Student retention

Joe Cuseo

Student Retention; Student Learning: A Symbiotic and Synergistic Relationship

Student retention is an outcome (and a very assessable outcome) that makes all other learning outcomes of a college education possible, i.e., the outcomes of the college education cannot be meaningfully assessed unless students are around at graduation to have their learning outcomes measured. It could be said that assessment of student learning outcomes at institutions with low graduation rates is to conduct assessment on an unrepresentative sample of students because it fails to include the substantial number of students who enrolled and didn’t persist. (It could be likened to conducting outcome assessment of the effectiveness of a drug on surviving patients, while ignoring the patients who died along due to the drug’s unintended side effects.)

Research indicates that practices, procedures, and programs that effectively promote student persistence to graduation are also likely to promote student learning (academic achievement), higher-level thinking, and positive attitudinal change (e.g., attitude toward diversity). Three retention-promoting principles, in particular, appear to me to be the most conceptually compelling and empirically well supported are (1) active involvement/engagement (Astin, 1993), (2) social integration (Tinto 1993), and personal significance/“mattering” (Schlossberg, Lynch, Chickering, 1989). Respectively, these three principles postulate that any institutional policy, procedure, or practice which promotes students’ (a) active involvement, (b) social integration, and (c) personal significance will likely promote their retention. Conversely, any institutional policy, procedure, or practice that leads students to experience passivity (disengagement), social isolation, or depersonalization (marginality or insignificance) will likely promote their attrition.
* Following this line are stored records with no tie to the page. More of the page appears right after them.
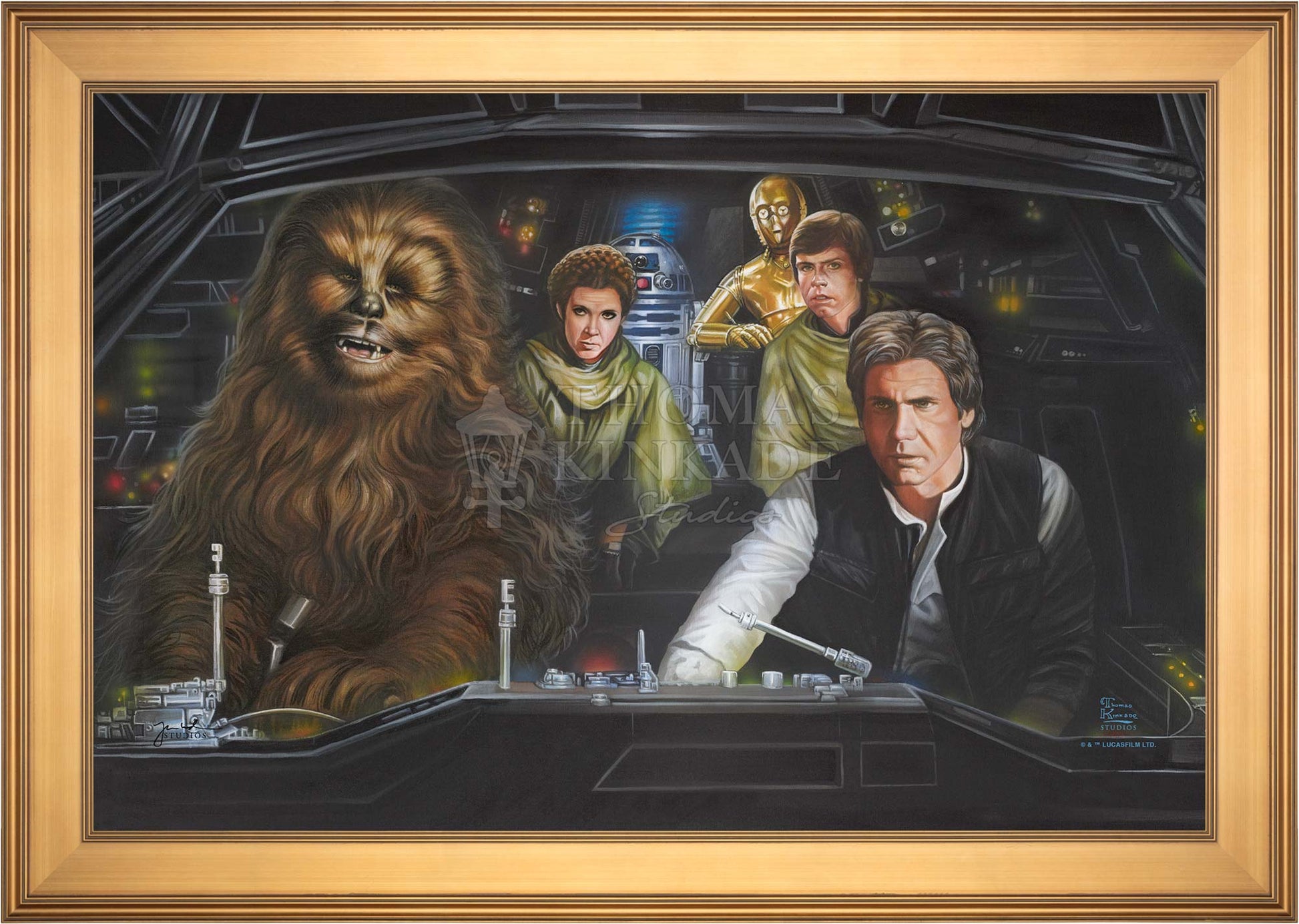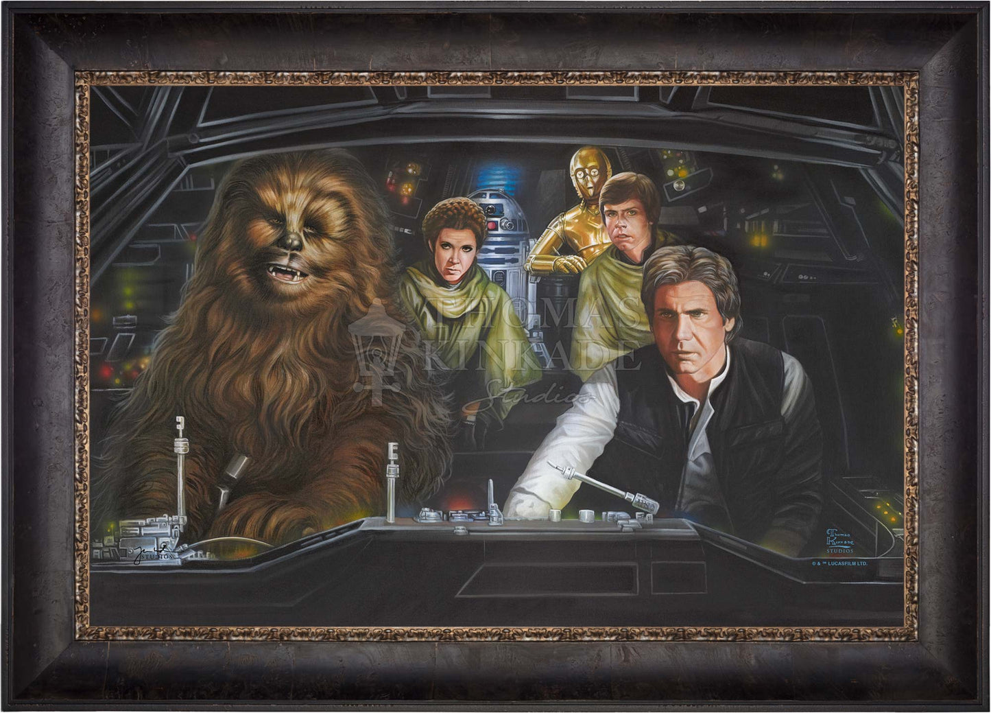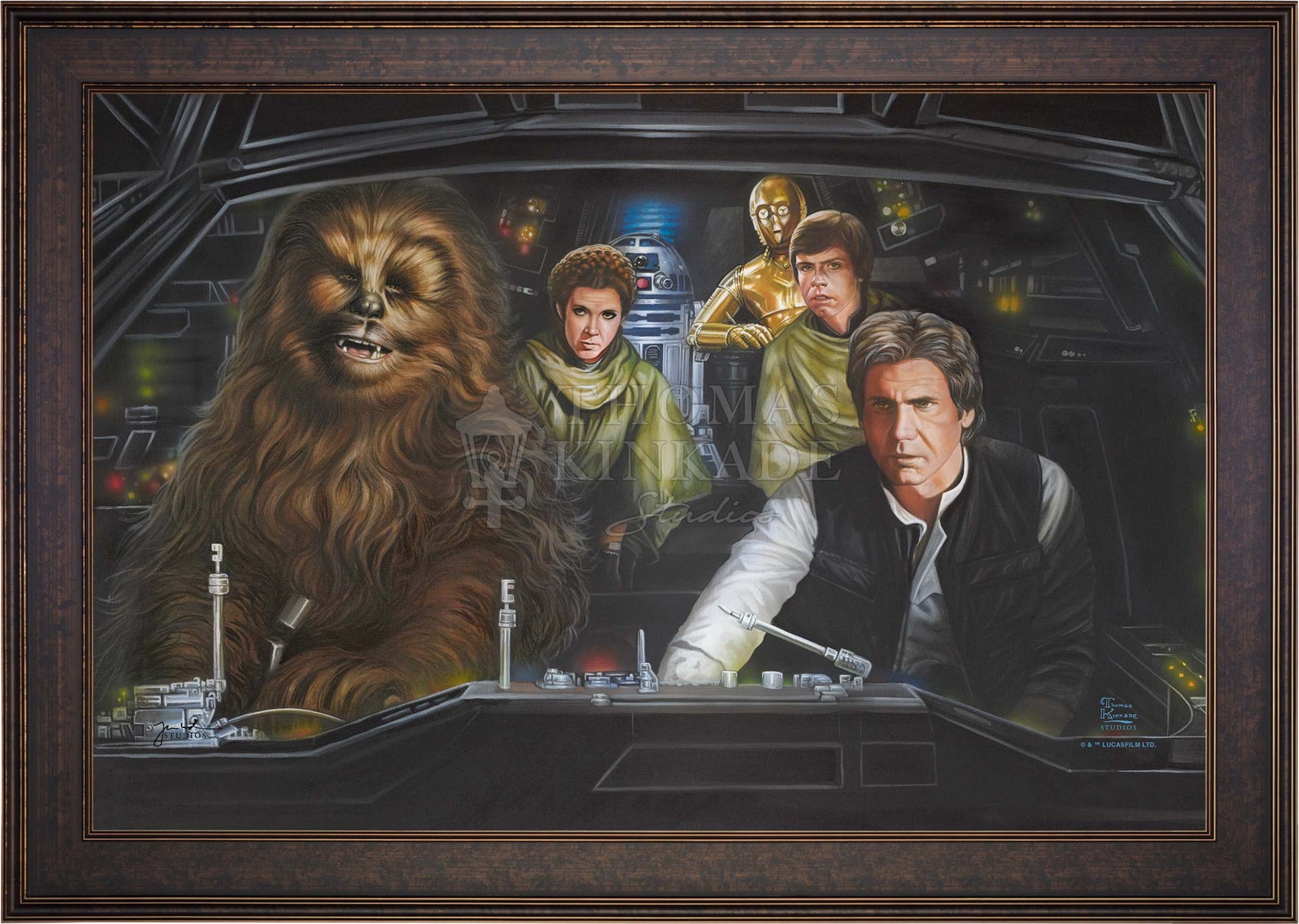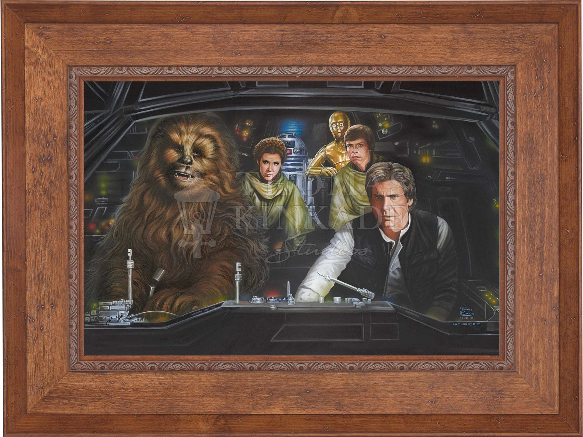 General Han Solo leads a small team of rebels including Chewbacca™, Princess Leia Organa™, Luke Skywalker™, and the Droids, C-3PO™ and R2-D2™ aboard The Tydirium, a stolen Imperial shuttle disguised as a cargo ship. The mission is to use a secret Imperial code, land on the forest moon, and deactivate the shield generator protecting the Death Star. While the team waits to see if the code will work and allow them to land on the forest moon to start their secret mission, the Rebel Alliance fleet starts their journey towards Endor to defeat the Empire and blow up the Death Star. Thomas Kinkade Studios is pleased to present Strike Team.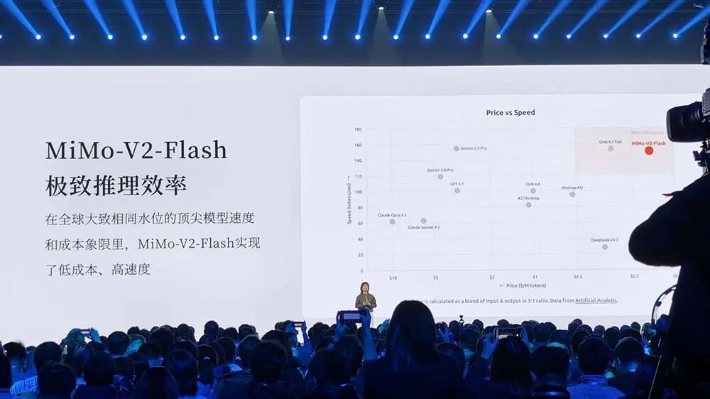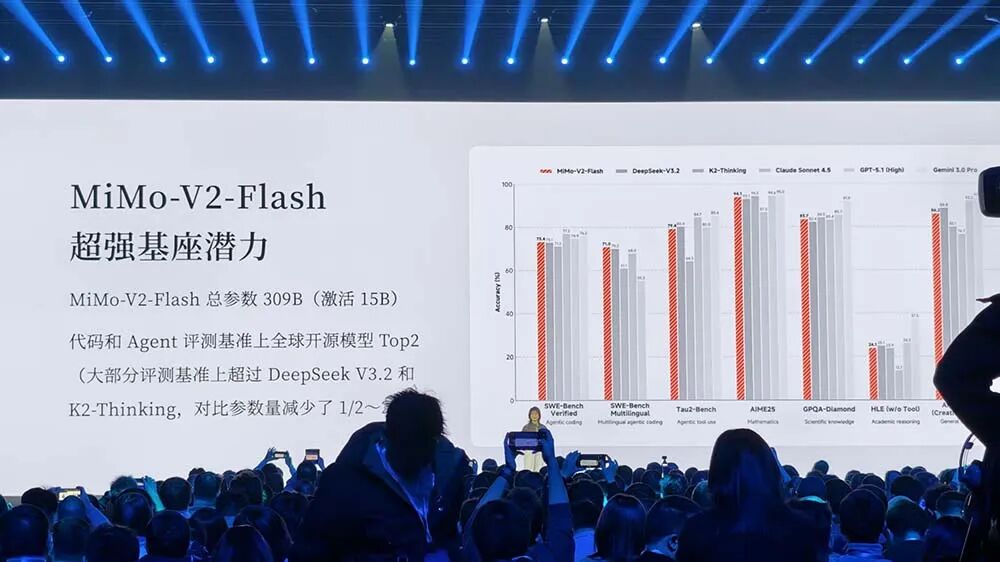 小米创始人兼CEO雷军此次并未来到现场,小米集团合伙人、集团总裁卢伟冰率先登台演讲,今天第三位演讲的是当前备受关注的原DeepSeek核心成员、被业内称为“天才少女”的罗福莉,她现在的职位是小米MiMo大模型负责人。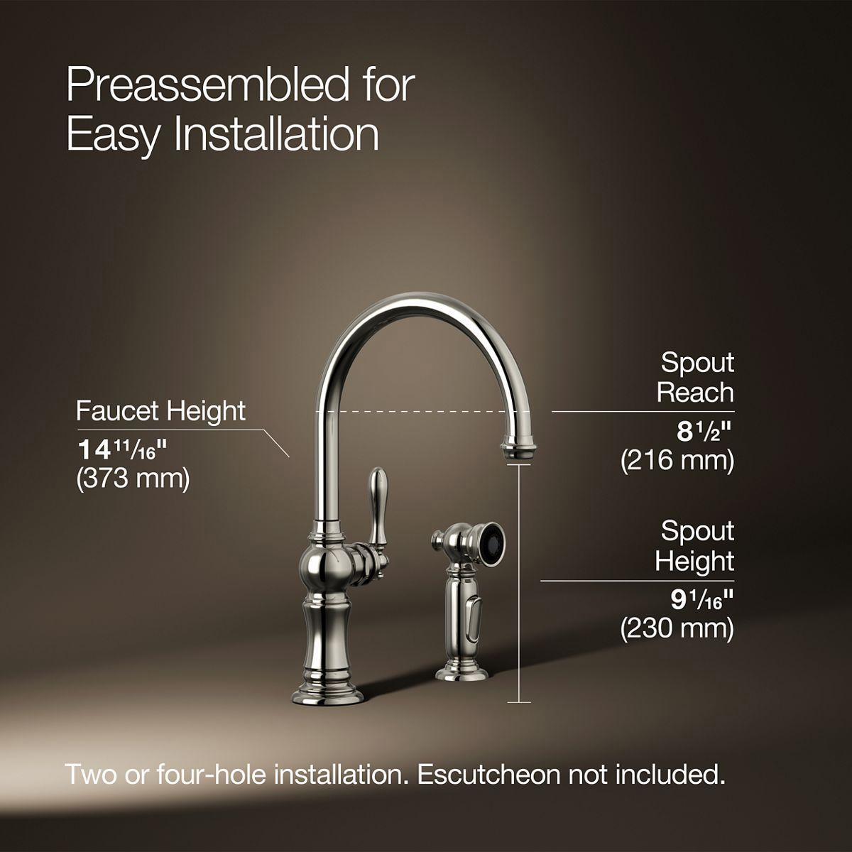 Artifacts 2-Hole Kitchen Faucet with Separate 2-Function Spray - Vibrant Polished Nickel 99262-SN Kohler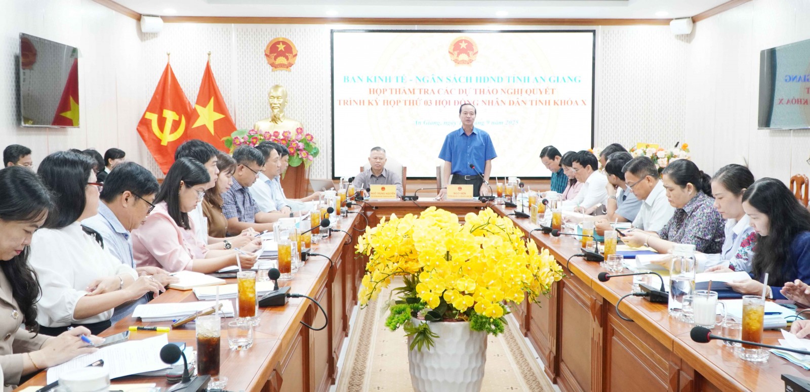Cuộc họp tiến hành thẩm tra các dự thảo nghị quyết: Điều chỉnh, bổ sung kế hoạch đầu tư công trung hạn giai đoạn 2021 - 2025 nguồn vốn ngân sách Trung ương và nguồn vốn địa phương trên địa bàn tỉnh; điều chỉnh, bổ sung kế hoạch đầu tư công năm 2025 nguồn vốn ngân sách Trung ương và nguồn địa phương trên địa bàn tỉnh; quy định mức chi đón tiếp, thăm hỏi, chúc mừng đối với một số đối tượng do Ủy ban Mặt trận Tổ quốc Việt Nam các cấp thực hiện trên địa bàn tỉnh; quy định mức chi công tác phí, chi hội nghị trên địa bàn tỉnh; thông qua đề án thành lập Quỹ đầu tư phát triển tỉnh An Giang trên cơ sở hợp nhất Quỹ đầu tư phát triển Kiên Giang và Quỹ đầu tư phát triển tỉnh An Giang.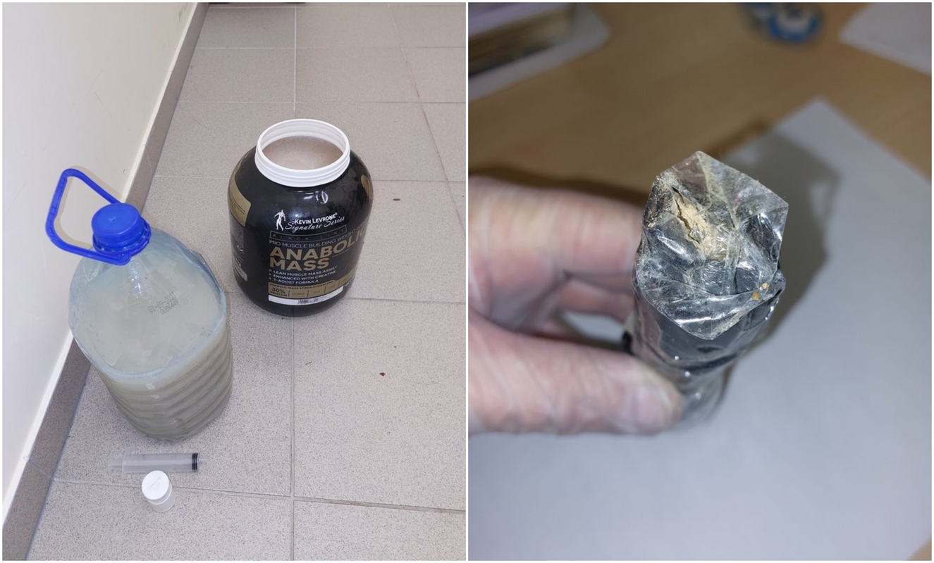 Pareigūnai nurodo, jog iš patalpų buvo paimtas paslėptas paketas su neaiškios kilmės biria medžiaga ir buteliukas su baltos spalvos tabletėmis. Anot departamento, įtariama, kad surastame pakete esanti medžiaga ir tabletės yra narkotinės ar psichotropinės medžiagos.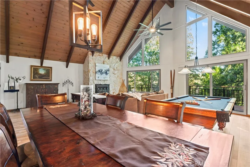 Phenomenal Prow Style home located directly across from the forest and trails, with easy access to the golf course just down the street. This property also includes Lake Rights, allowing full use of beautiful Lake Arrowhead. Over $300,000 in upgrades, including a recently remodeled kitchen with high-end professional-style appliances, slab quartz countertops, and a garden bay window overlooking mature evergreens and oaks on your own land. The home features 4 bedrooms, 3 bathrooms, an office, and a den/family room with a second fireplace—ideal for gatherings or quiet relaxation. The main-level “Great Room” highlights natural wood open-beamed ceilings and a classic “retro rock” fireplace that adds warmth and character. Additional updates include remodeled bathrooms, new interior and exterior paint, newer lower patio/deck, fenced yard, upgraded flooring, newer forced air system, “Leaf Guard Style” rain gutters and system improvements. Both the new Flagship whole house water filtration system and an additional Revrse Osmosis system at the sink ensure the best of the best for your water supply. Both guys and gals can relax in the “She-Shed” while the guys have their own storage shed, too. Located in a peaceful, forested setting with nearby recreation and golf access, this home offers both comfort and convenience in one of Lake Arrowhead’s most desirable areas.

Serendipitously, these three retention-promoting principles are also essential elements of effective learning (academic achievement)—i.e., learning is enhanced when students are actively engaged in the learning process (McKeachie et al., 1986), when they interact with others to “socially construct” knowledge (Bruffee, 1993), and when they find personal significance (meaning) in what they are learning (Weinstein & Meyer, 1991). Thus, institutional interventions designed to promote student retention may be expected to simultaneously promote student learning. This supports the common contention among retention scholars that, “successful retention is nothing more than successful education.”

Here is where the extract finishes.